# Exercise details
Each entry below should be printed exactly, with every image left out.

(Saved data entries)
- - - - -

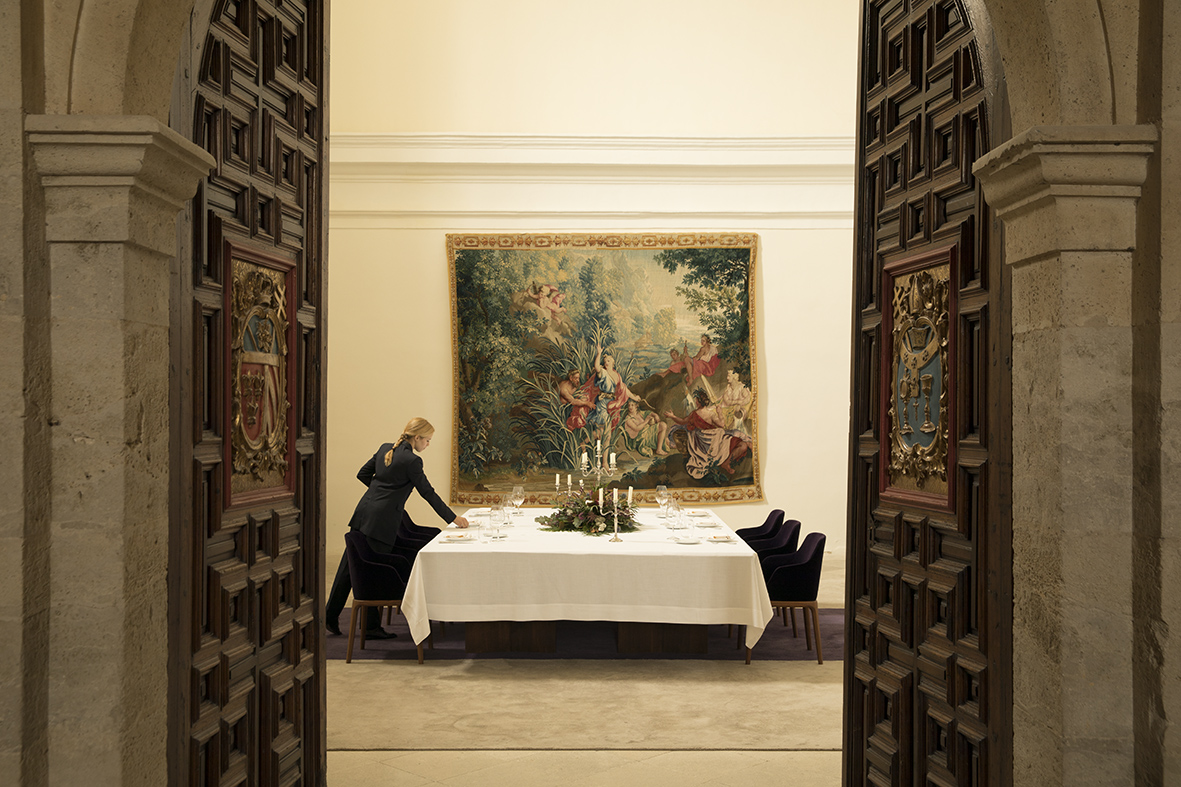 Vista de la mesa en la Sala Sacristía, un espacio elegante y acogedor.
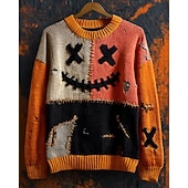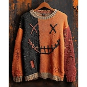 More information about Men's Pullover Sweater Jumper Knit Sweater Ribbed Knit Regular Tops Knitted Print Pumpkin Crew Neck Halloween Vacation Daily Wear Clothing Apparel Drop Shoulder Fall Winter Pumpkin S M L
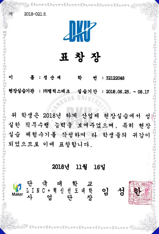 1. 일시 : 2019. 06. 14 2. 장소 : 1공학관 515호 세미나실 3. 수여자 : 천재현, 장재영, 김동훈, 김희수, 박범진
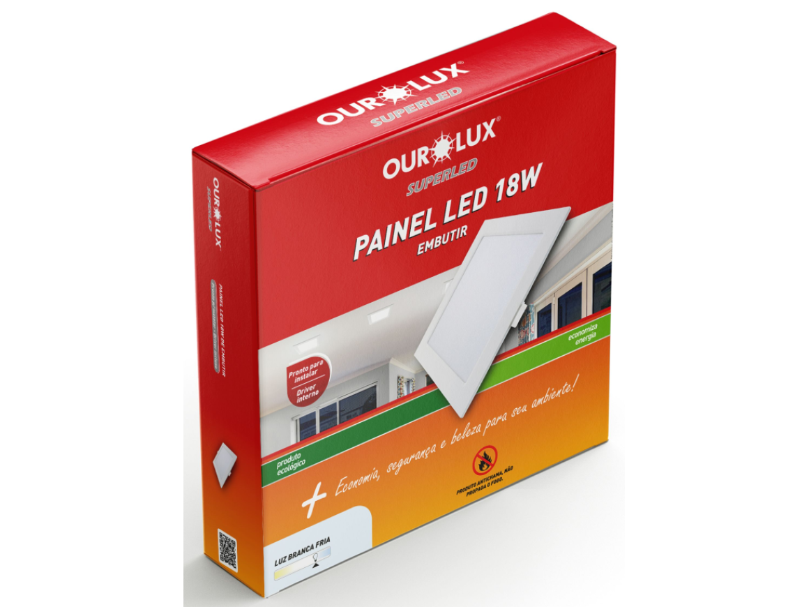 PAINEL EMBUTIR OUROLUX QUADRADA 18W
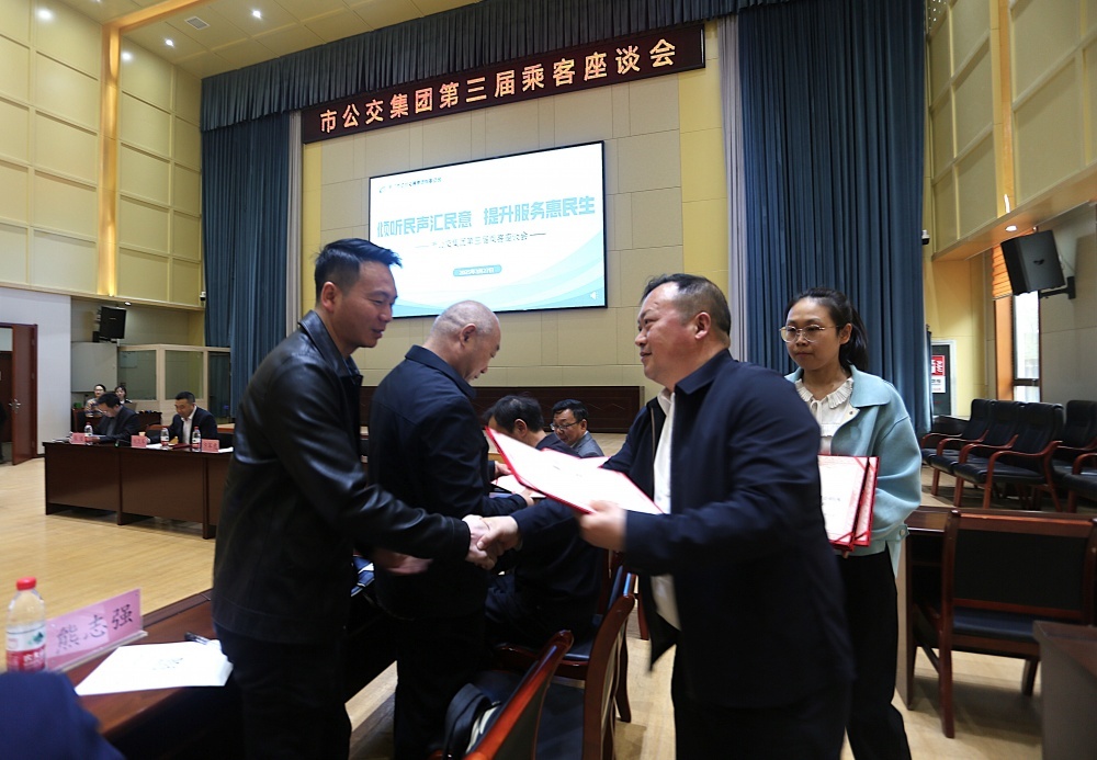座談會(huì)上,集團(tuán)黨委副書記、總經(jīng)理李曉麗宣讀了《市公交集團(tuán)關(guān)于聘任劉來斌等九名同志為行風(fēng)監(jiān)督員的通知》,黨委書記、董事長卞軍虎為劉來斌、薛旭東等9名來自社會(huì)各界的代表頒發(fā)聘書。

- - - - -

# Final answer
 Vista de la mesa en la Sala Sacristía, un espacio elegante y acogedor.
 More information about Men's Pullover Sweater Jumper Knit Sweater Ribbed Knit Regular Tops Knitted Print Pumpkin Crew Neck Halloween Vacation Daily Wear Clothing Apparel Drop Shoulder Fall Winter Pumpkin S M L
 1. 일시 : 2019. 06. 14 2. 장소 : 1공학관 515호 세미나실 3. 수여자 : 천재현, 장재영, 김동훈, 김희수, 박범진
 PAINEL EMBUTIR OUROLUX QUADRADA 18W
座談會(huì)上,集團(tuán)黨委副書記、總經(jīng)理李曉麗宣讀了《市公交集團(tuán)關(guān)于聘任劉來斌等九名同志為行風(fēng)監(jiān)督員的通知》,黨委書記、董事長卞軍虎為劉來斌、薛旭東等9名來自社會(huì)各界的代表頒發(fā)聘書。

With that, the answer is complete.